I wish I had a good answer for you.Unfortunately there is a lot of resistance among regulators. For some reason IBS is not seen the same way acne or erectile dysfunction are.Those diseases/disorders are so life threatening that it is totally acceptable for medications to leave you maimed or dead if there a a chance the medication will make a difference for you.IBSers are thought to just be people that refuse to eat their fiber so any treatment more dangerous than fiber cannot be allowed on the market.It doesn't seem to matter how much research there is that IBS can be a devastating illness, not just a minor inconvenience and how much evidence there is that IBSers feel that the same amount of risk allowed to treat every other disease on the planet would be a risk we are willing to take to go to the store without pooping our pants there doesn't seem to be a lot of pressure on regulators to change their views.The only reason Lotronex even got back on the market in a strictly regulated fashion was because something like 1% of all users wrote to the FDA to complain. We thought maybe that would get their attention, but based on how they treat other IBS drugs they seem to be completely back to eat more fiber and leave us alone mode.Really makes one want to pray all of the people in charge of regulating drugs get severe IBS, even though that isn't very nice.The main problem I see is drugs that are more effective and safer are unlikely to be developed because everyone knows the FDA and other regulatory bodies will not allow the drugs to be approved.
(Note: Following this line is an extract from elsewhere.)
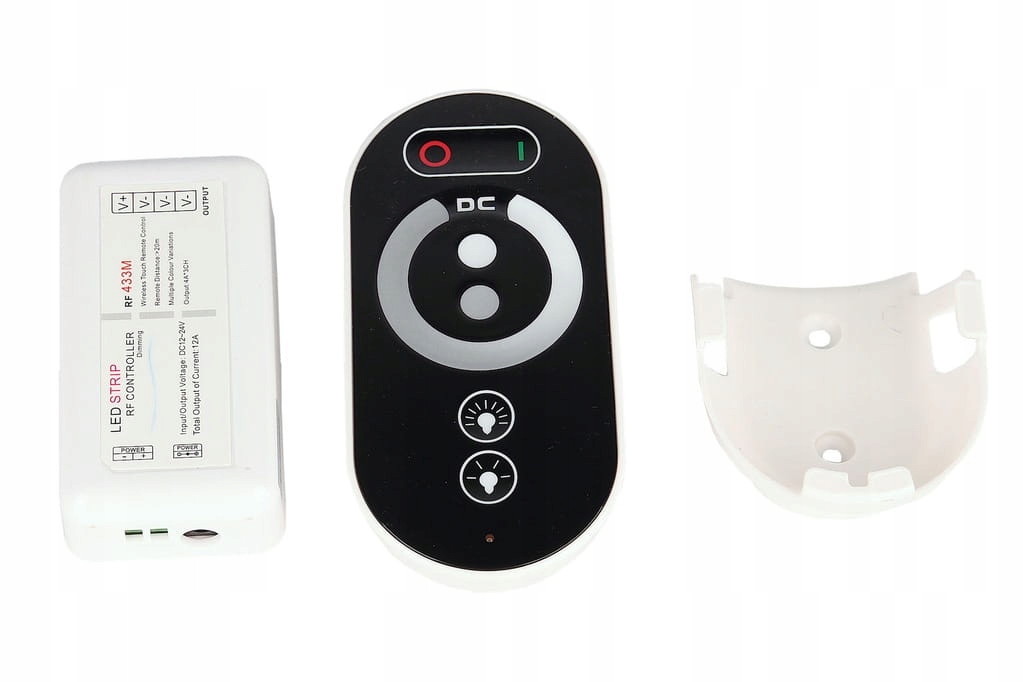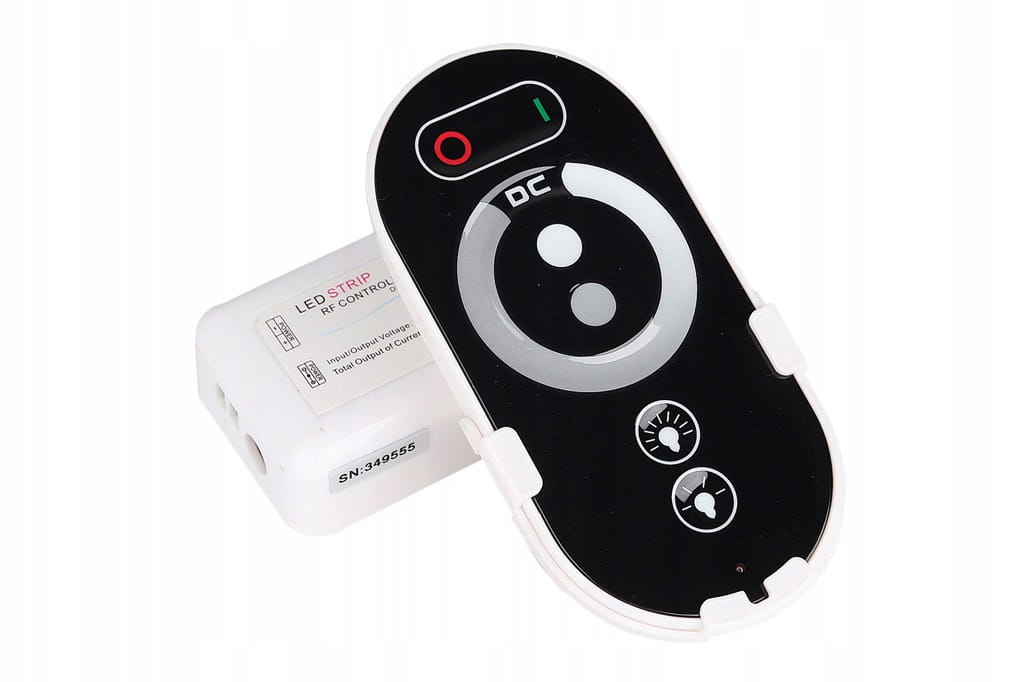 Ściemniacz do taśmy LED 12V/24V z pilotem dotykowym i uchwytem przeznaczony do instalacji oświetleniowych o mocy 144W. Bezprzewodowe sterowanie radiowe.

Fiber and only fiber is what we are allowed and should be all we ever need.*sigh*


----------



## chemist (Mar 16, 2009)

Thanks Kathleen. The time you put in to helping people on this forum is phenomenal.Is there nothing we can do about this?Surely the pharma company (in this case GSK I believe) would back a renewed attempt to release the drug as there would be huge, global demand for their product.If we add that to the potential power of a community like this, maybe the regulators would be more inclined to examine the issue again... It seems ridiculous that a few incompetant doctors (those who prescribed the drug to C sufferers initially) should cause such suffering for so many people.


----------



## Nath (Jan 5, 1999)

The good news is your doctor does not have to be part of the prescribing program if you are outside the US. The bad news is you have to pay full price from an online pharmacy and lotronex is fairly expensive.


----------



## IBSD88 (Mar 23, 2009)

do you know a site where you can buy it and just how expensive it is, if I can afford something to sort me out id willingly pay anything up to the amount I can actually pay.


----------



## chemist (Mar 16, 2009)

If that's the case, as per IBSD88's post below, do you know a safe place to buy the stuff online? 5HT3 Antagonists seem to be the way forward. I've been testing Zofran (Ondansetron) which seems to work on some level. But Lotronex seems to be by far the most powerful, which is why I'd pay a lot to get the stuff...


----------



## Kathleen M. (Nov 16, 1999)

Unfortunately the cheaper the med is at an online pharmacy the more likely you are not to get the real stuff.Pharmacies that are cheap, usually from a poor country, do not require any prescription, etc. also tend to be the ones that aren't likely to pay top dollar to get the real stuff.I'm not sure if many places sell it online because of the restrictions in prescribing.If they will send it to you without a prescription that has the sticker on it saying your doctor understands how to prescribe it I would be worried. Also use some net tools to find out where the pharmacy actually is located rather than what country they say they are from. A lot of them claim to be in Canada because people trust Canadian pharmacies even if they are on another continent.Drugstore.com has it (I think they are a real pharmacy) and list the prices so you can get an idea of what it really runs. They may not be the cheapest, but they do seem to be real.


----------



## overitnow (Nov 25, 2001)

Over $500 a month!


----------



## chemist (Mar 16, 2009)

Ouch! That's more than I thought. Can't actually find the meds on drugstore.com though...If I was sure the meds were genuine I would pay that though as I wouldnt take one every day. Has anyone else bought from that site and if so, how was it?


----------



## overitnow (Nov 25, 2001)

http://www.drugstore.com/pharmacy/prices/d...&trx=1Z5006That should get you to the product/pricing page.I had read here about that cost before. I have to say that I would have had to try _everything_ before I would even consider putting out that much, especially as you don't know if they will work, or not. I know people have complained when they find out that the supplement I use costs almost $40 a month, that the hypno is $100, even though that is a one time cost, or that even Caltrate costs too much. Somedays those discussions make me despair. I would never want to go back to "dealing" with this problem, now that I have been free of it for so long; but I think $500 would test my resolve. I feel myself very fortunate to have found something to stop my problem. I wish you well with your hunt.Mark


----------



## chemist (Mar 16, 2009)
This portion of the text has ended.